As used herein in the specification and claims, the phrase "at least one" in reference to one or more lists of elements should be construed to mean at least one element selected from any one or more of the elements in the list of elements, but not necessarily including at least one of each and every element specifically listed within the list of elements, and not excluding any combinations of elements in the list of elements. This definition also allows that elements may optionally be present other than the elements specifically identified within the list of elements to which the phrase "at least one" refers, whether related or unrelated to those elements specifically identified.

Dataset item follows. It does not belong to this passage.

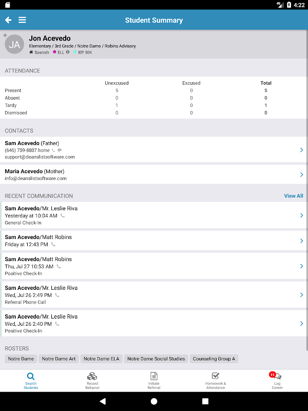 DeansList macht es einfach, nicht-akademischen Studentendaten einschließlich des Verhaltens zu erfassen, ist die Teilnahme, Hausaufgaben Abschluss, Büro Einladungen und vieles mehr, alles in einer einzigen Plattform.
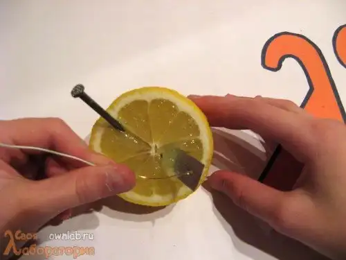 Гальванический элемент готов! Половинка лимона показывает почти полвольта.

It will also be understood that, unless explicitly indicated to the contrary, in any methods claimed herein that include more than one step or action, the order of the steps or actions of the method is not necessarily limited to the order in which the steps or actions of the method are recited.

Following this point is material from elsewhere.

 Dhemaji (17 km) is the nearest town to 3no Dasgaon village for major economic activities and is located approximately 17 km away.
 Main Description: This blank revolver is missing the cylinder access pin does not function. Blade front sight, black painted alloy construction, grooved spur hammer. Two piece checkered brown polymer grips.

In the claims, as well as in the specification above, all transitional phrases such as "comprising," including, "" carrying, "" having, "" containing, "" involving, "" holding, "" consisting of … and the like are to be understood to be open-ended, i.e., to mean including but not limited to. The transition phrases "consisting of …" and "consisting essentially of …" alone should be closed or semi-closed transition phrases, respectively.

While several inventive embodiments have been described and illustrated herein, those of ordinary skill in the art will readily envision a variety of other means and/or structures for performing the function and/or obtaining the results and/or one or more of the advantages described herein, and each of such variations and/or modifications is deemed to be within the scope of the inventive embodiments described herein. More generally, those skilled in the art will readily appreciate that all parameters, dimensions, materials, and configurations described herein are meant to be exemplary and that the actual parameters, dimensions, materials, and/or configurations will depend upon the specific application or applications for which the inventive teachings is/are used. Those skilled in the art will recognize, or be able to ascertain using no more than routine experimentation, many equivalents to the specific inventive embodiments described herein. It is, therefore, to be understood that the foregoing embodiments are presented by way of example only and that, within the scope of the appended claims and equivalents thereto, the inventive embodiments may be practiced otherwise than as specifically described and claimed. Inventive embodiments of the present disclosure are directed to each individual feature, system, article, material, kit, and/or method described herein. In addition, any combination of two or more such features, systems, articles, materials, kits, and/or methods, if such features, systems, articles, materials, kits, and/or methods are not mutually inconsistent, is included within the inventive scope of the present disclosure.